Brian Sicknick was reportedly pepper-sprayed and bludgeoned with a fire extinguisher by members of a Trump-supporting mob last Wednesday as they stormed the U.S. Capitol in an effort to overturn the certification of the 2020 election results. The 42-year-old New Jersey native and Iraq war veteran died in an area hospital one day later. Four others have died as a result of the violence.
In a new interview published over the weekend, Sicknick’s grieving father said his son fulfilled a lifelong dream when he joined the U.S. Capitol Police in 2008.

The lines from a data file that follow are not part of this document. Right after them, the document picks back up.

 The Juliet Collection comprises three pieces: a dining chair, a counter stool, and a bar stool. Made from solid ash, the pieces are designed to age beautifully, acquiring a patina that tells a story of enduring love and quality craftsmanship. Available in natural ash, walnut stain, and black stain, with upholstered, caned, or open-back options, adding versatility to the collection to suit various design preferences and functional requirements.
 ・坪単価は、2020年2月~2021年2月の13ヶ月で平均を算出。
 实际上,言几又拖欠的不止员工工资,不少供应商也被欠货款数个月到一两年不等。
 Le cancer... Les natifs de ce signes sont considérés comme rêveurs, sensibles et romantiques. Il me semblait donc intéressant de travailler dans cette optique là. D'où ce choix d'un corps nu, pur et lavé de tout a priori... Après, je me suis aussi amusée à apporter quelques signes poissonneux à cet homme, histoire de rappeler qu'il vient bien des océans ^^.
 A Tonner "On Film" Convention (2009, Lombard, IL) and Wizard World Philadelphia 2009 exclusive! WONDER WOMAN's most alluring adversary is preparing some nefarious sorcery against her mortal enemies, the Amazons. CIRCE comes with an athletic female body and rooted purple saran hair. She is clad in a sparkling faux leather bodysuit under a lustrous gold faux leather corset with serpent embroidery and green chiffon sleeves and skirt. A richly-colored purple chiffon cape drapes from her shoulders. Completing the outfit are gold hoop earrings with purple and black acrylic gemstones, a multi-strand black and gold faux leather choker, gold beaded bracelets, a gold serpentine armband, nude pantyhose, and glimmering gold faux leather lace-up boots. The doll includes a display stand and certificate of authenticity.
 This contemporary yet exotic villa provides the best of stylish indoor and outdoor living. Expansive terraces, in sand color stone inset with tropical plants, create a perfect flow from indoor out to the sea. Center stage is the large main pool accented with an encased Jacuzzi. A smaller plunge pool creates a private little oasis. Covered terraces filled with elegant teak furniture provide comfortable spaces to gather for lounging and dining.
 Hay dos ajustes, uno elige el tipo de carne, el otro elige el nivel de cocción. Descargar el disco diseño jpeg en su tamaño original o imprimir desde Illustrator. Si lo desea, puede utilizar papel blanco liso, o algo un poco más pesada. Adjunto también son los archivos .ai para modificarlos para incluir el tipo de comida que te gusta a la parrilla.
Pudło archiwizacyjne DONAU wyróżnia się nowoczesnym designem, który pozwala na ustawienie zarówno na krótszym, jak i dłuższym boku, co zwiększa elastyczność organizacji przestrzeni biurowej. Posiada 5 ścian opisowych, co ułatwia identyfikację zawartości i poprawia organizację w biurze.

“He loved his job,” Charles Sicknick told Reuters. “I’ll never get over this.” Elsewhere in the interview, the elder Sicknick said his son “ended up with a clot on the brain” as a result of his injuries, adding, “If they had operated on him, he would’ve become a vegetable.”

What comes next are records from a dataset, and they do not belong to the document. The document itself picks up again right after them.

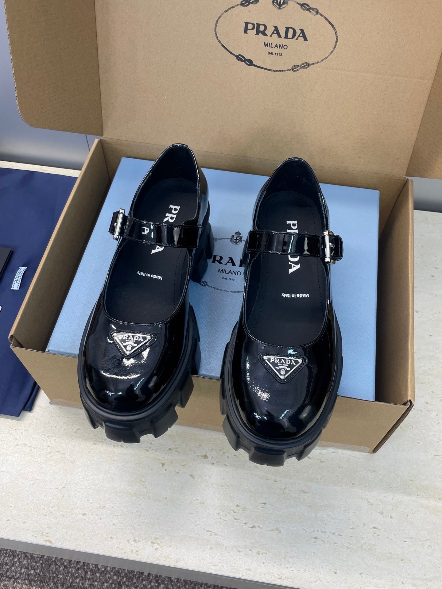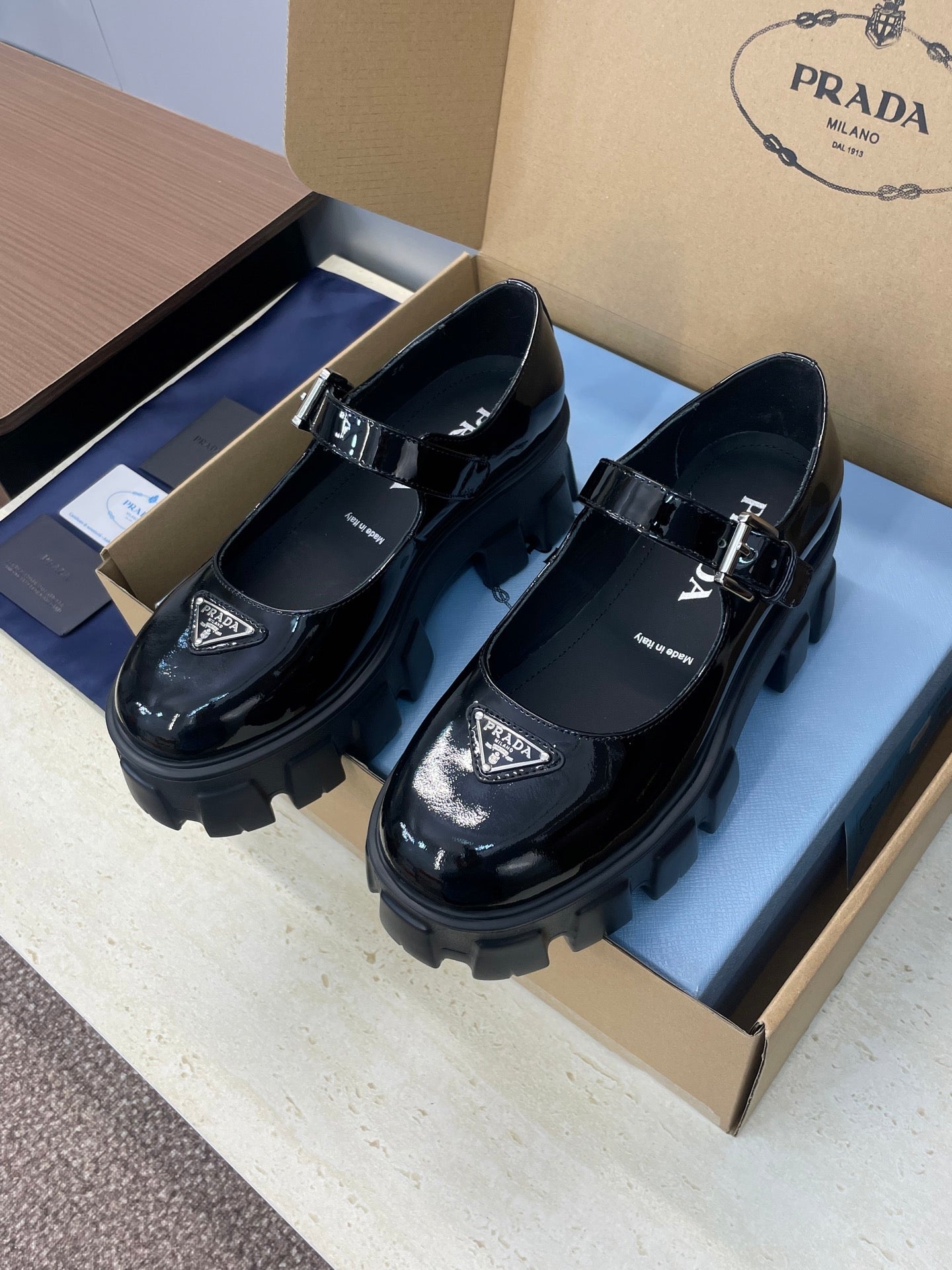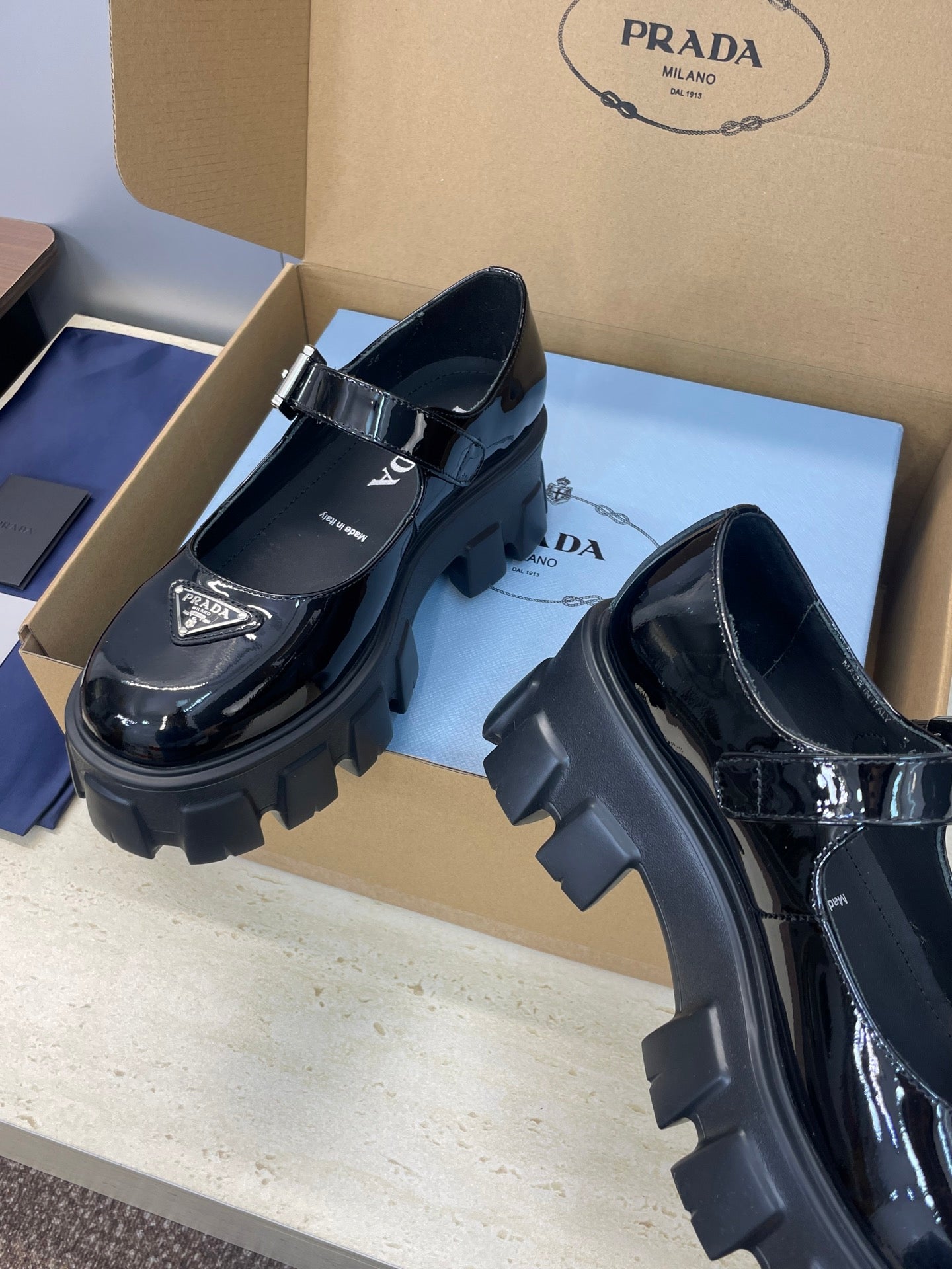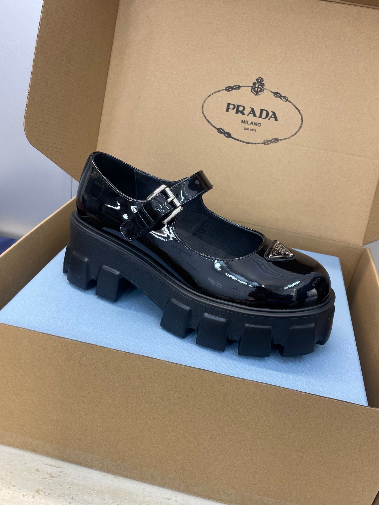 Prada Brushed Monolith Mary Janes Loafer Black Patent Leather 551879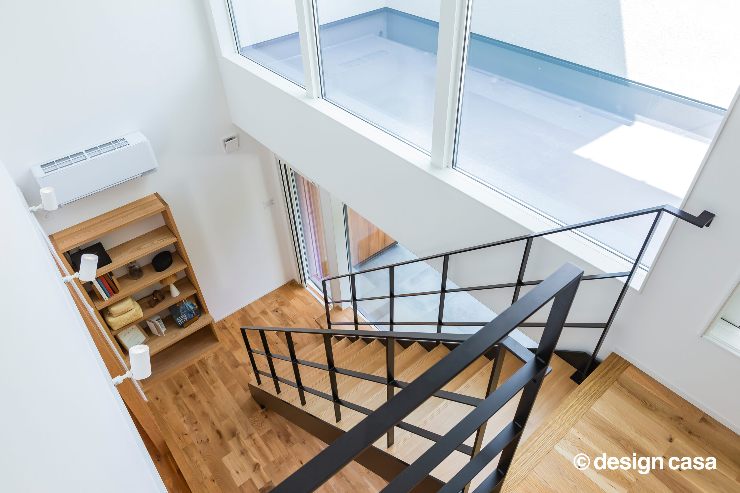 階段途中の中二階に配置することで天井高を確保。没入するための静寂がここにあります。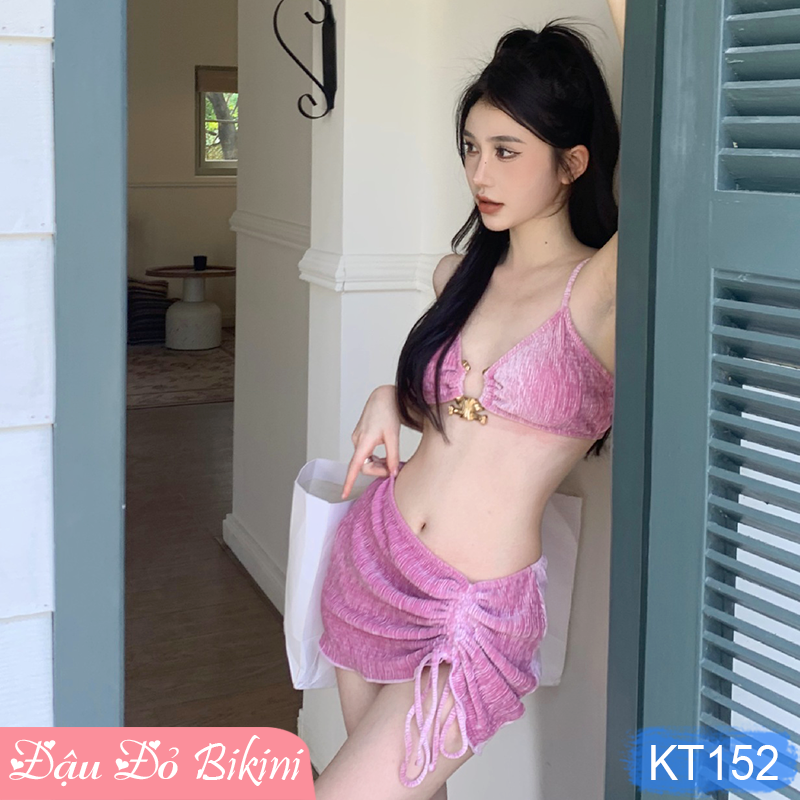 ✨Set bikini nữ 3 chi tiết sexy, bộ áo tắm 2 mảnh kèm quần quây gợi cảm, phong cách Âu Mỹ trẻ trung tôn dáng thon gọn quyến rũ | KT152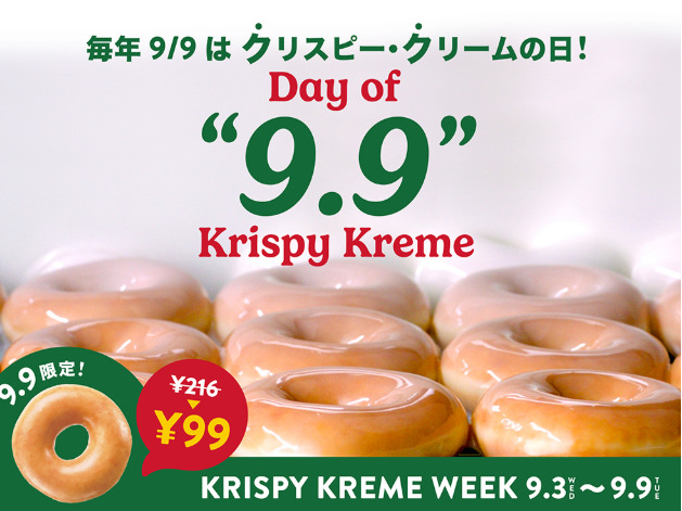 クリスピー・クリーム・ドーナツ全店舗にて、一番人気のオリジナル・グレーズド合計9,900個を通常価格216円のところ特別価格99円で販売します。

New Jersey Gov. Phil Murphy ordered flags at all state buildings in the state to be flown at half-staff Monday to honor Sicknick, who was a South River native. A day earlier, President Donald Trump ordered the White House flag to be flown at half-staff in the officer’s memory.
Sicknick “embodied the selfless spirit of his native state, giving his life to protect our democracy from violent insurrection,” Murphy said in a statement posted to Twitter Friday. “It is my fervent hope that the rioters whose actions directly contributed to his death are quickly brought to justice.”
Many reports on Sicknick’s death have emphasized his outspoken support of Trump. Still, the officer rarely discussed his conservative views with his father or his mother Gladys, nor did they interfere with professional duties. In fact, one of Sicknick’s first major assignments in Washington was working at former President Barack Obama’s 2009 inauguration.
“He just got along real well with everybody because he was a gentleman,” Charles Sicknick, who has requested the public not make his son’s death a political issue, told Reuters. “If any good comes out of my son’s death, I just hope that it stops all the lunacy that’s been going on in this country.”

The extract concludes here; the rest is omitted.